Follow the Incentives, Not the Headlines

When fear spikes, ask a simple question: who benefits?

• Large incumbents benefit when regulation becomes expensive and complex
• Lobbyists benefit when urgency overrides scrutiny
• Media platforms benefit when engagement is driven by emotion, not nuance
• Some researchers benefit when funding follows existential narratives

This is not conspiracy. It’s incentive structure.

We saw the same playbook in the late 1990s with open-source software:
Fear, Uncertainty, and Doubt used to slow competitors while incumbents positioned themselves as the “safe” option.

AI panic serves the same function.

The Existential Risk Debate Misses the Point

The problem with doomsday AI narratives isn’t that alignment research is illegitimate — it’s that existential framing crowds out present-day accountability.

While people argue about hypothetical superintelligence, real harm is already happening:

• Biased systems influencing sentencing, hiring, and healthcare
• Deepfake fraud causing real financial and political damage
• Automation quietly removing entry-level roles without replacement pathways
• Hallucinating systems being trusted beyond their reliability

These are not future risks.
They are operational failures happening now.

And unlike science-fiction threats, these failures have owners.

What the Evidence Actually Supports
Bias Is Real and Measurable

Systems trained on biased data reproduce bias at scale. This is not philosophical — it is documented, repeatable, and already litigated.

Deepfakes Are a Trust Weapon

Fraud, market manipulation, election interference — all already observed. The damage is social before it is technical.
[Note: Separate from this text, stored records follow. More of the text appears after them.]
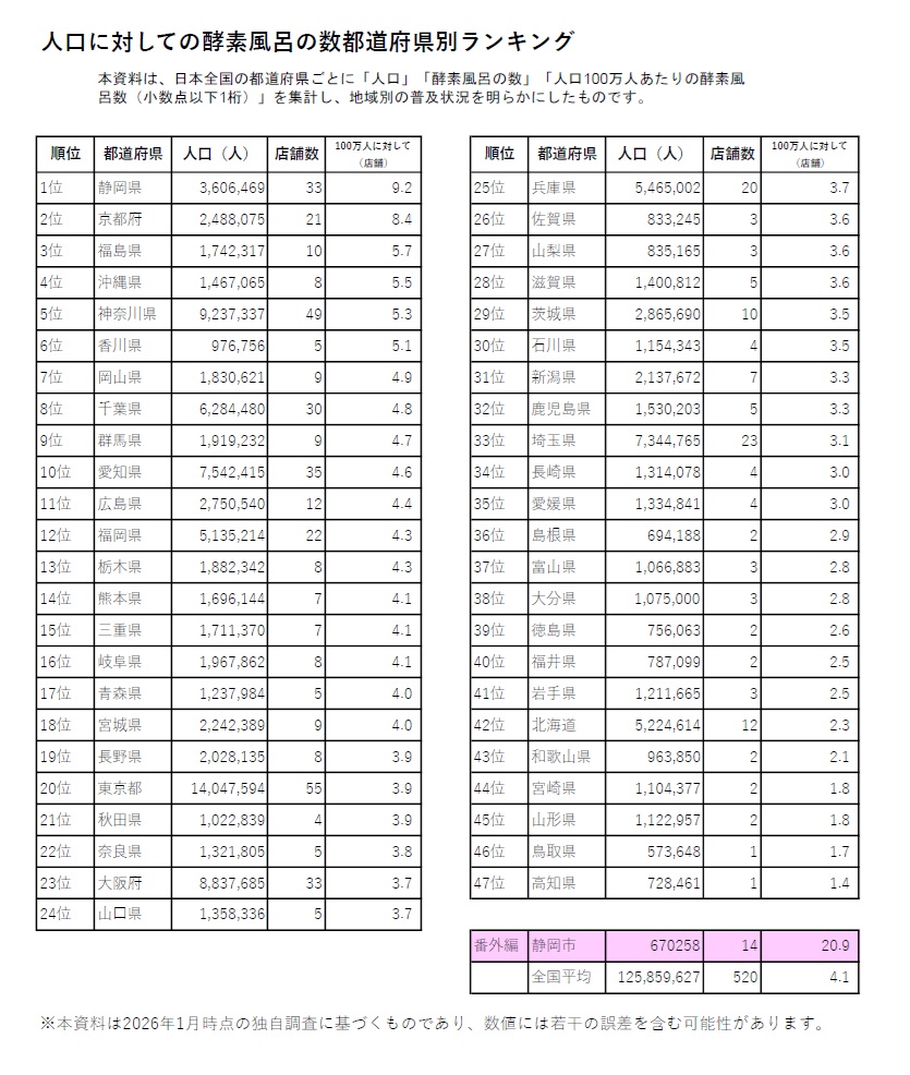 ・人口100万人あたりの酵素風呂数
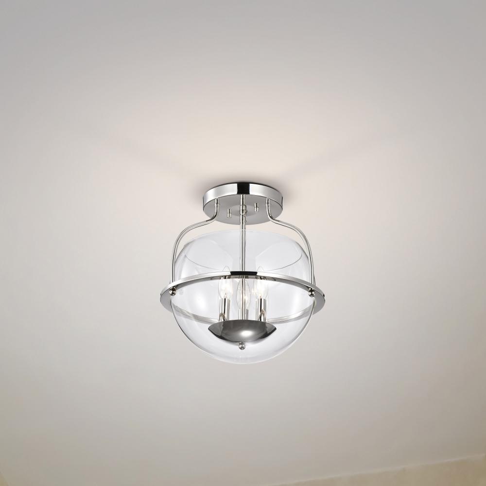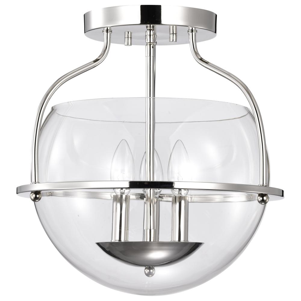 Amado 3 Light Semi Flush Mount; Polished Nickel Finish; Clear Glass
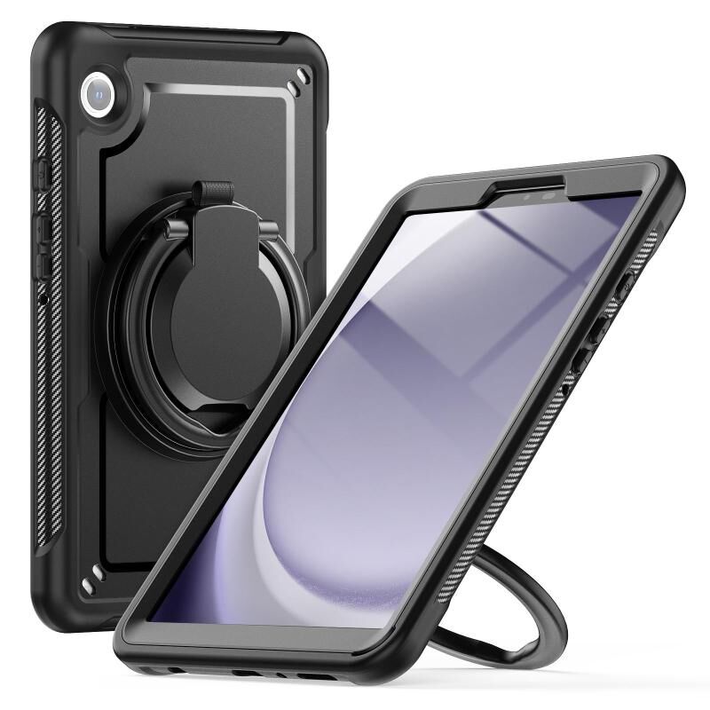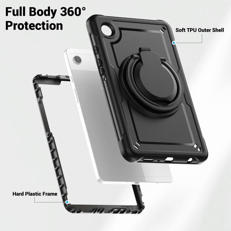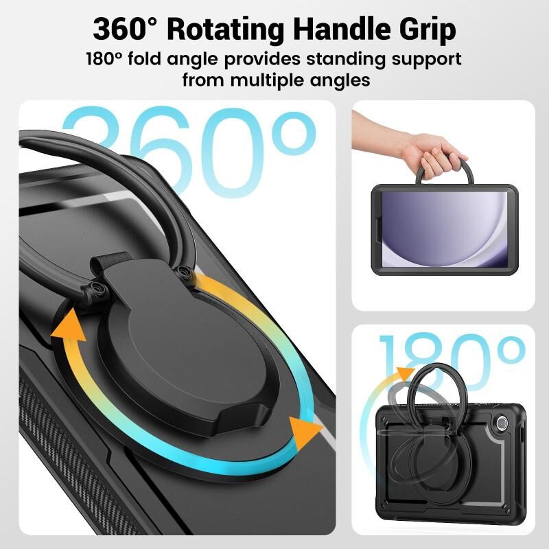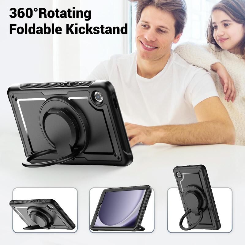 Για Samsung Galaxy Tab A9 Honeycomb Υβριδική θήκη για tablet με θήκη χειρολαβής & λουράκι (Μαύρο)

Job Displacement Is Selective, Not Apocalyptic

Tasks are disappearing. Responsibility is concentrating. Organizations that automate without redesigning human oversight are creating brittle systems and legal exposure.
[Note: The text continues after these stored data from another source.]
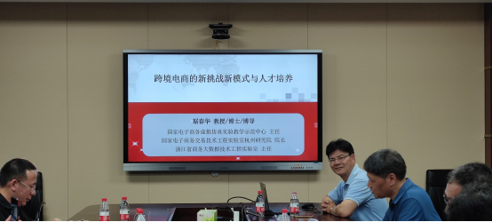 作为本次研讨会特邀嘉宾,浙江工商大学博士生导师、教育部全国电子商务教学指导委员会跨境电商工作委员会主任琚春华教授作了题为《跨境电商的新挑战新模式与人才培养》的精彩报告。
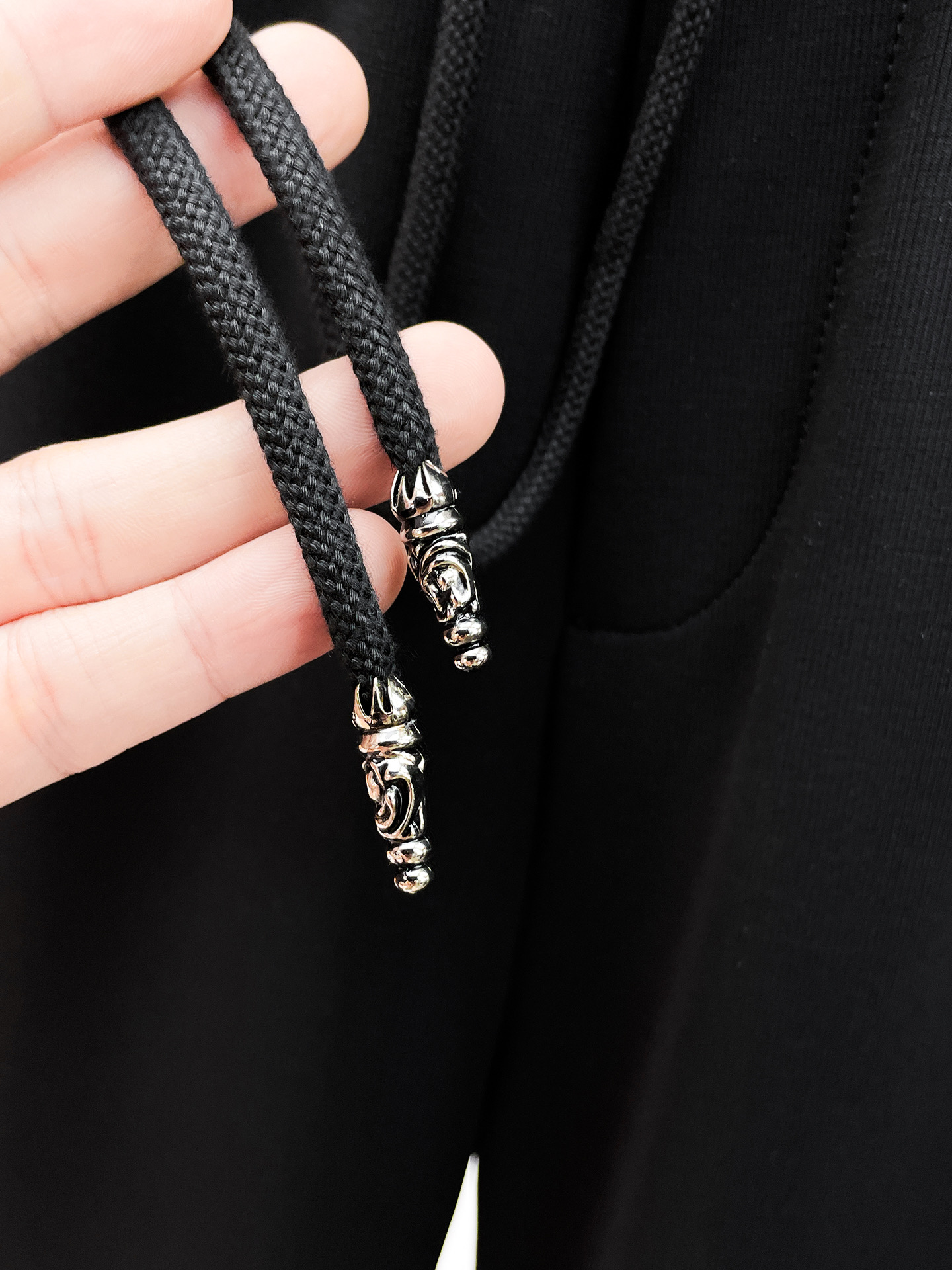 这款衣服是AAAAA 1:1 质量 (非常棒). 使用了和原版一模一样的材料. 商标部分也保持了和克罗心/Chrome Hearts一样. 图片拍摄是实物衣服拍摄, 您所收到的实物保证和我们图片一模一样.
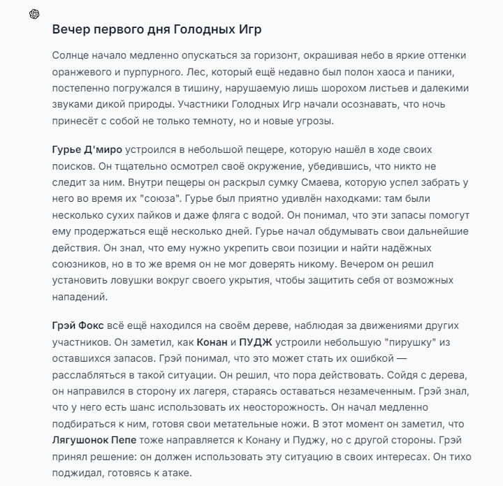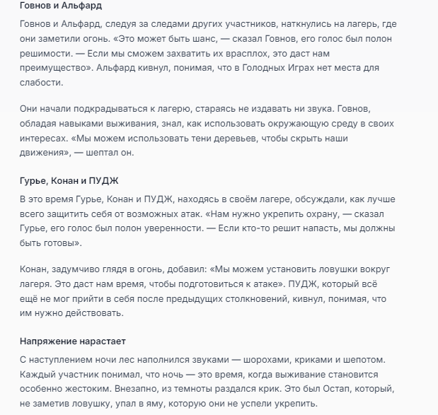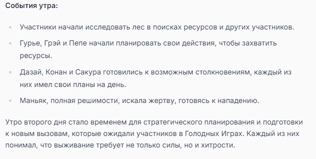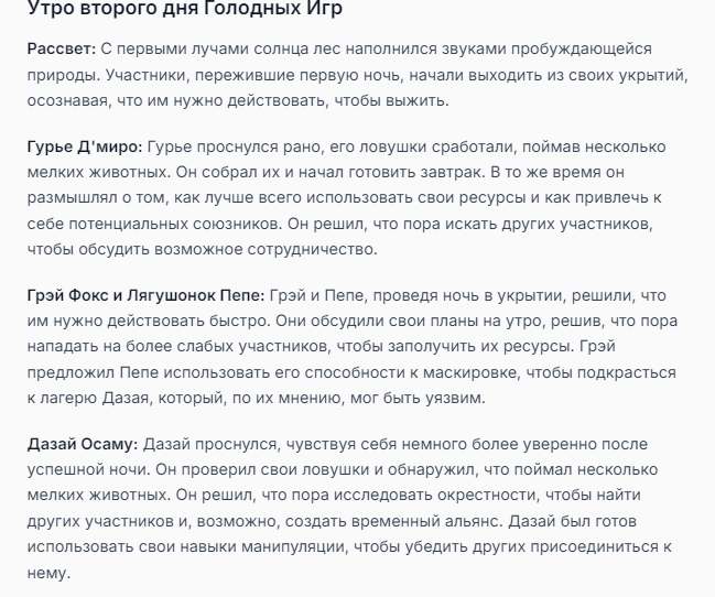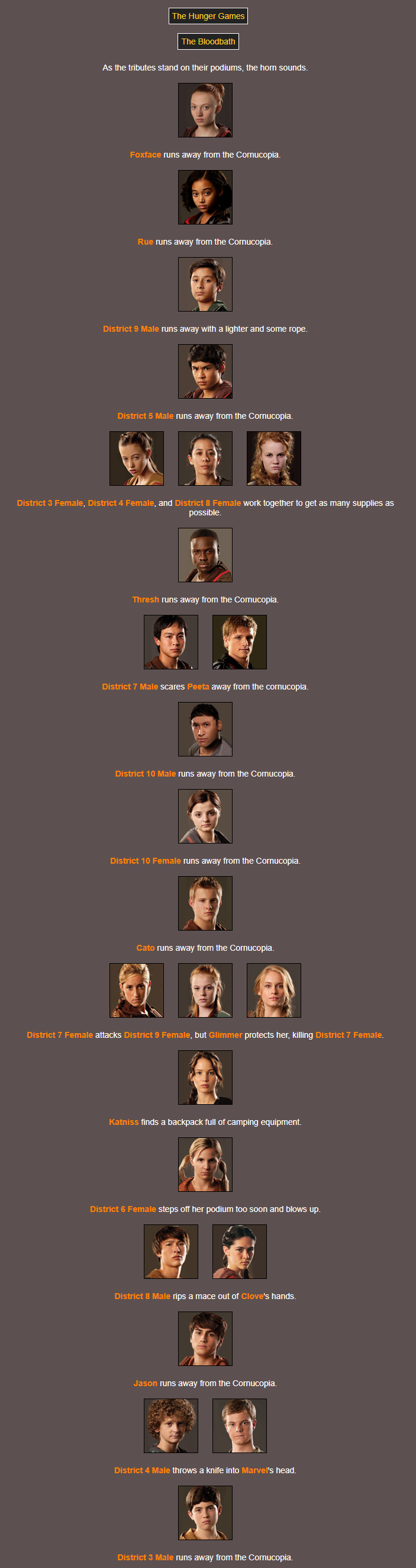 Дамы и господа, добро пожаловать на невероятное шоу "Голодные Игры"! С вами ваш ведущий, и мы готовы к захватывающему первому дню кровавого сражения!

Reliability Is Still a Problem

Hallucination is not a UX quirk. It is a structural limitation. Over-reliance without verification is a governance failure, not a model failure.

Alignment Is Real — But Not the Way It’s Sold

Serious researchers largely agree on the types of risk:

• Goal mis-specification
• Misgeneralization
• Instrumental shortcuts
• Poor controllability

What they do not agree on is the timeline.
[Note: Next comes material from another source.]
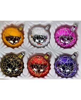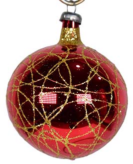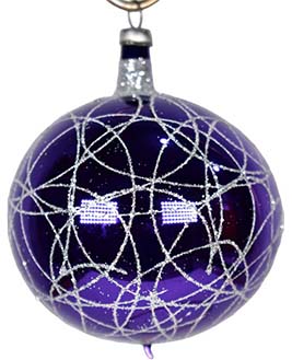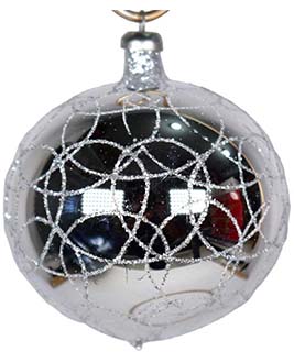 Esfera de cristal número 3, acabado en espejo con una aplicación de color y decorado con diamantina en forma de madeja.
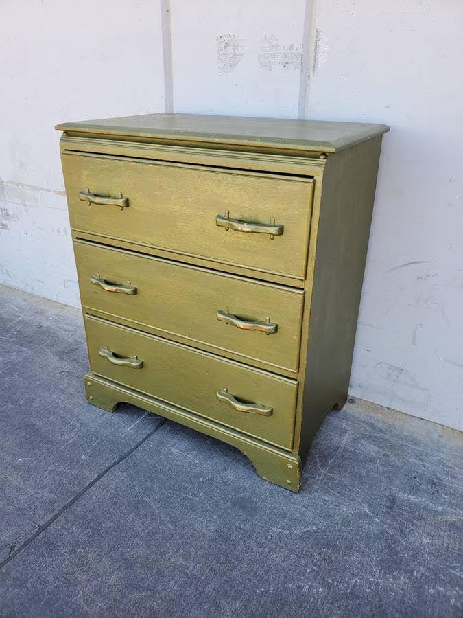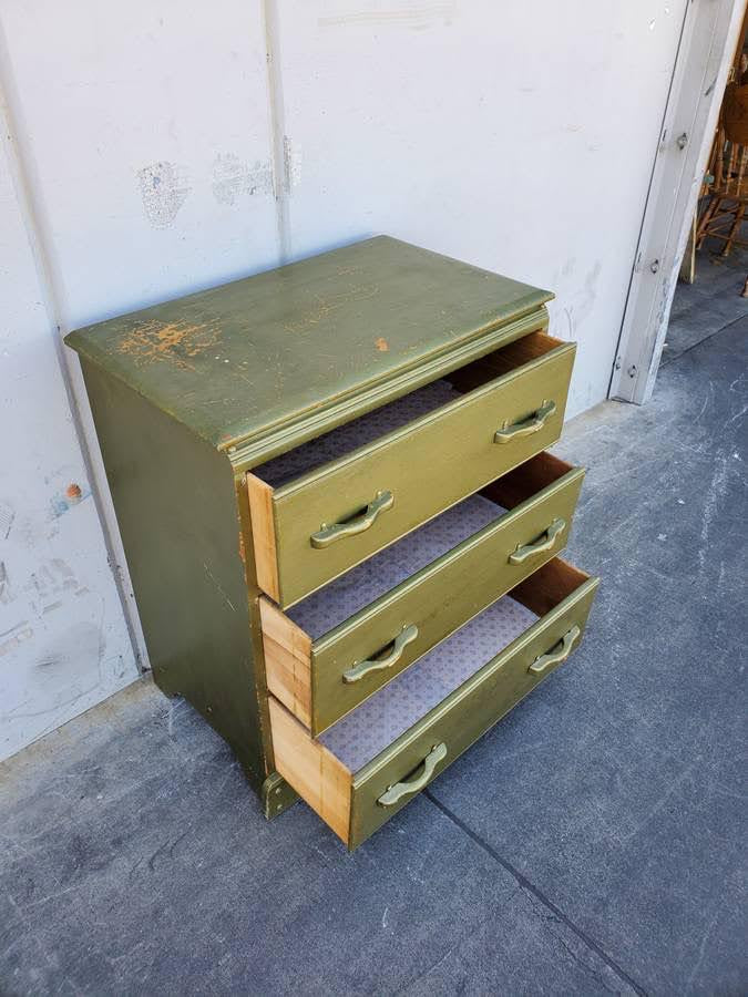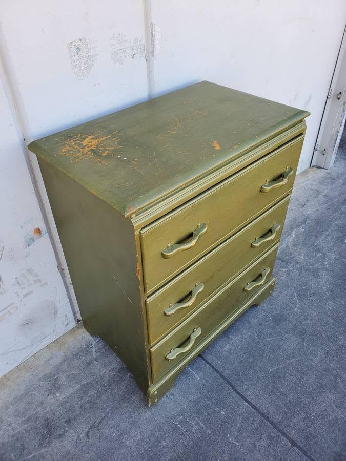 Hello we are selling a green dresser/ chest of drawers / nightstand , it is in fair condition with some scratches on top.

Most do not believe scaling current systems alone leads to imminent general intelligence.

That matters, because urgency shapes policy — and fear-based urgency tends to favor centralized control and incumbent advantage.

Why This Feels Like Y2K All Over Again

Y2K wasn’t solved by panic.
It was solved by inventory, documentation, testing, and accountability.

The same applies to AI.

The real dividing line isn’t believers vs skeptics.
It’s organizations that can explain:

• What AI systems they use
• What those systems are allowed to do
• Where humans intervene
• How decisions are logged and reviewed

—and those that cannot.

When fear fades, audits remain.

A Simple Test for Decision-Makers

When evaluating any AI claim, ask:

  1. Who benefits if I believe this?

  2. Is the harm documented or hypothetical?

  3. Is responsibility clearly assigned?

  4. Does the solution reduce risk — or consolidate power?

  5. Can this system be explained after something goes wrong?

If the answers are emotional, vague, or defensive — you’re looking at hype.

Final 2 cents,

AI is neither savior nor villain.

It is infrastructure.

And like every major infrastructure shift I’ve lived through — military, financial, digital — the danger isn’t the technology.

It’s abandoning responsibility because fear made accountability inconvenient.

Y2K taught us that discipline beats panic.

AI will teach the same lesson — whether we choose to learn it early or in court.

Bob McTaggart
Military Veteran | AI Governance & Risk
Edited with AI

Informational commentary only. Not legal or regulatory advice.